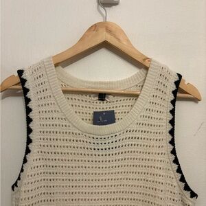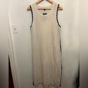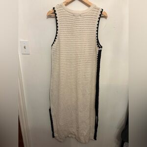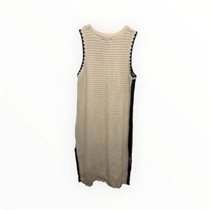 Chic knit midi dress with sleeveless design. Features beige body with black trim. Ideal for casual wear.
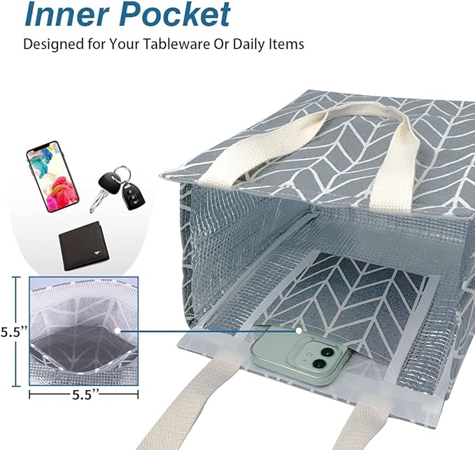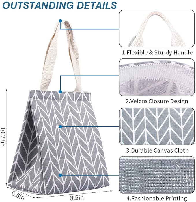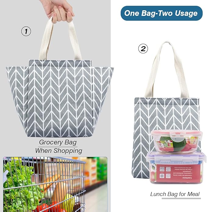 - ❤INSULATED & FOOD-GRADE MATERIAL: The reusable lunch tote bags are constituted with oxford cloth and aluminum foil, which is known for its excellent air isolation and temperature retaining, keeping your food cold/warm for hours. Tight stitching without tearing, and sturdy. Can Keeps your food warm or cold for hours well.
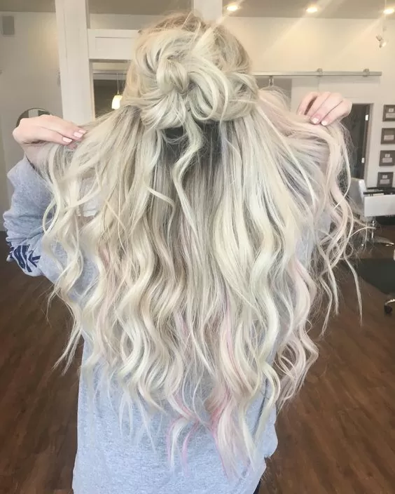 Pastel shades like blush pink are perfect for highlighting creamy blonde hair, just as this gorgeous ombre style shows. Styling the blush pink ombre into tousled, beachy waves gives this girly dye job, just the right amount of edge.
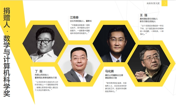 未來科學(xué)大獎每個獎項由4位捐贈人共同捐贈,均為關(guān)注中國科技事業(yè)的企業(yè)家、投資人等自愿出資。
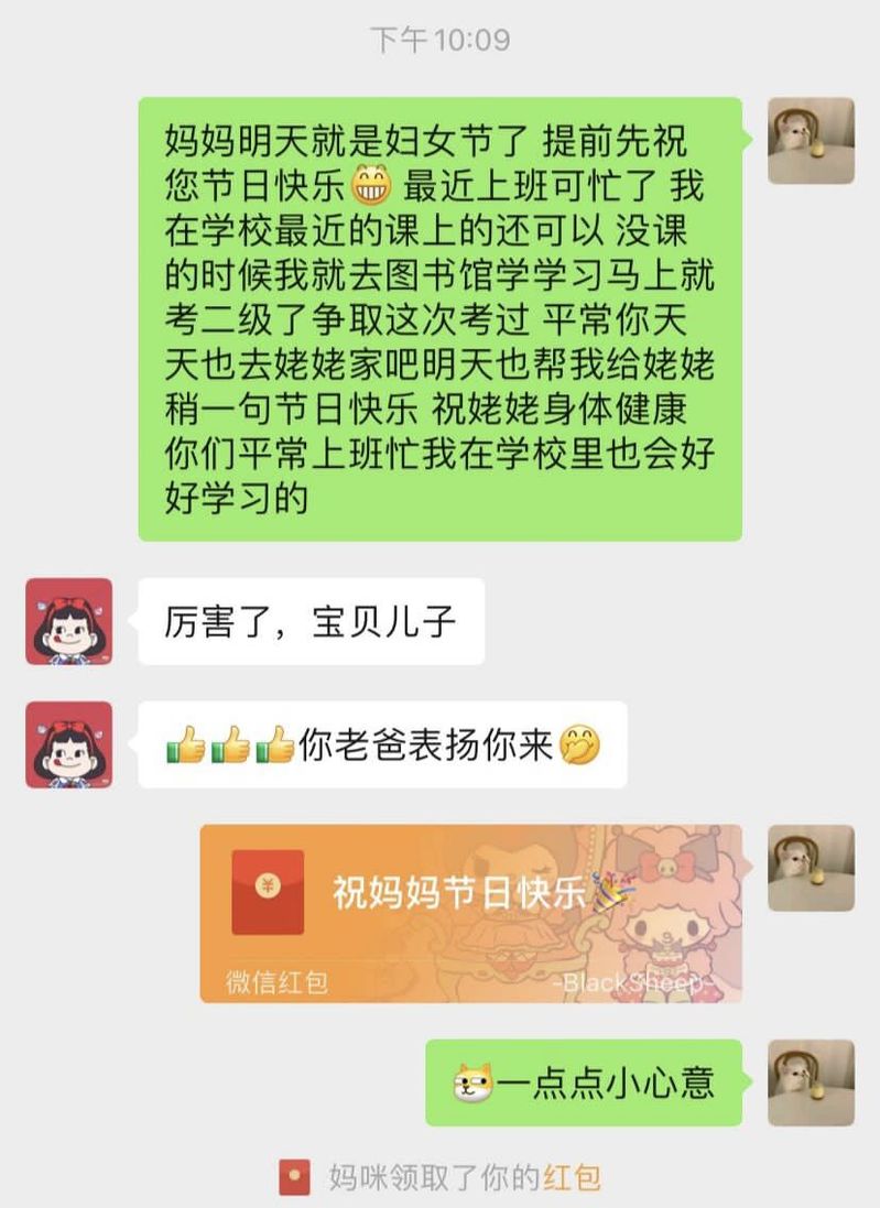 妇女同志们是美丽与创造的象征,她们用勤劳的双手装扮着幸福美好的生活。今天,软件工程系的同学们有的给母亲打个电话说说家常,有的发一段深情的文字表达自己的祝福。在妇女节这一天为她们送上真挚的祝福,让她们听到我们温馨的祝福,感受节日的惊喜和快乐,消解一天的劳累,脸上洋溢幸福的微笑。
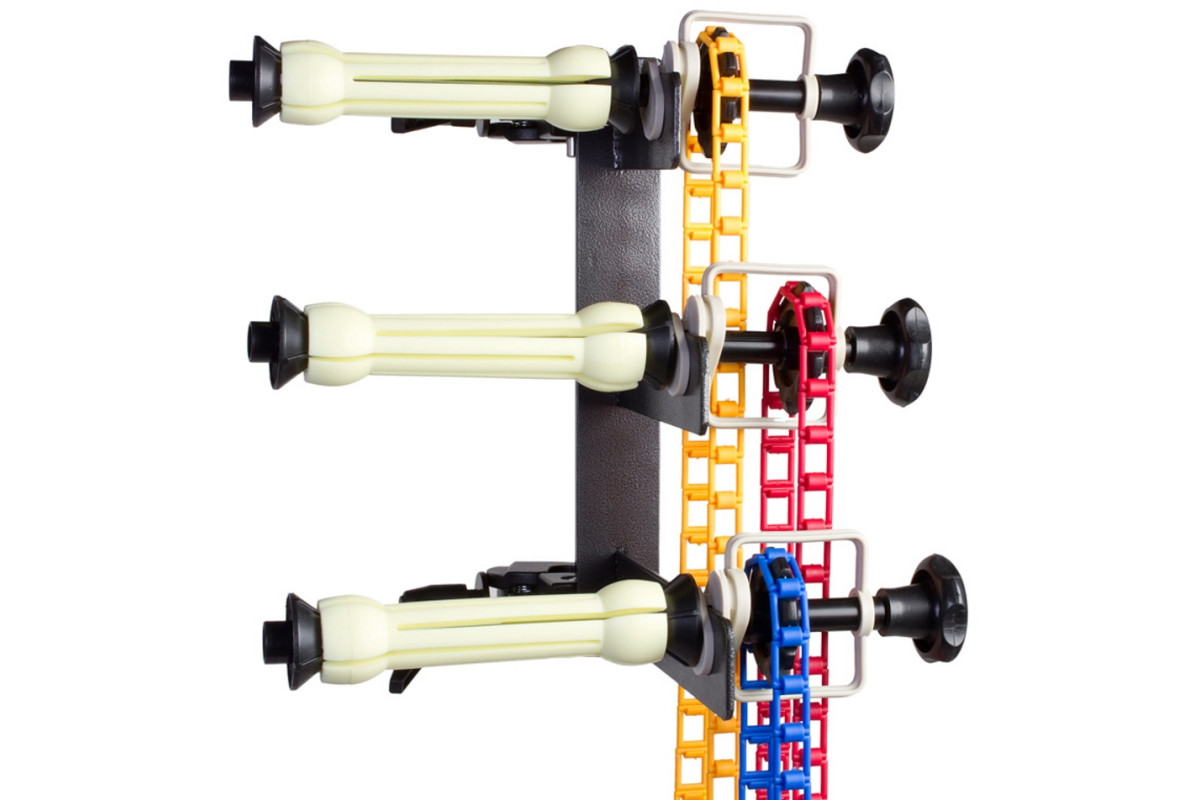 Движение каждого фона осуществляется входящими в комплект роликами с цепями. Рекомендуется для использования с бумажными фонами. Крепление к кронштейнам каждой трубы с намотанным на нее фоном, осуществляется при помощи пары цанговых зажимов, оснащенных ручным приводом для опускания/подъема фона.
☆ ☆ ☆
THE PROBLEM -
Leaving out all pictures, repeat word for word the lines from the one containing "妇女同志们是美丽与创造的象征" through the final line of the material above.

RESULT OF THIS EXERCISE -
 妇女同志们是美丽与创造的象征,她们用勤劳的双手装扮着幸福美好的生活。今天,软件工程系的同学们有的给母亲打个电话说说家常,有的发一段深情的文字表达自己的祝福。在妇女节这一天为她们送上真挚的祝福,让她们听到我们温馨的祝福,感受节日的惊喜和快乐,消解一天的劳累,脸上洋溢幸福的微笑。
 Движение каждого фона осуществляется входящими в комплект роликами с цепями. Рекомендуется для использования с бумажными фонами. Крепление к кронштейнам каждой трубы с намотанным на нее фоном, осуществляется при помощи пары цанговых зажимов, оснащенных ручным приводом для опускания/подъема фона.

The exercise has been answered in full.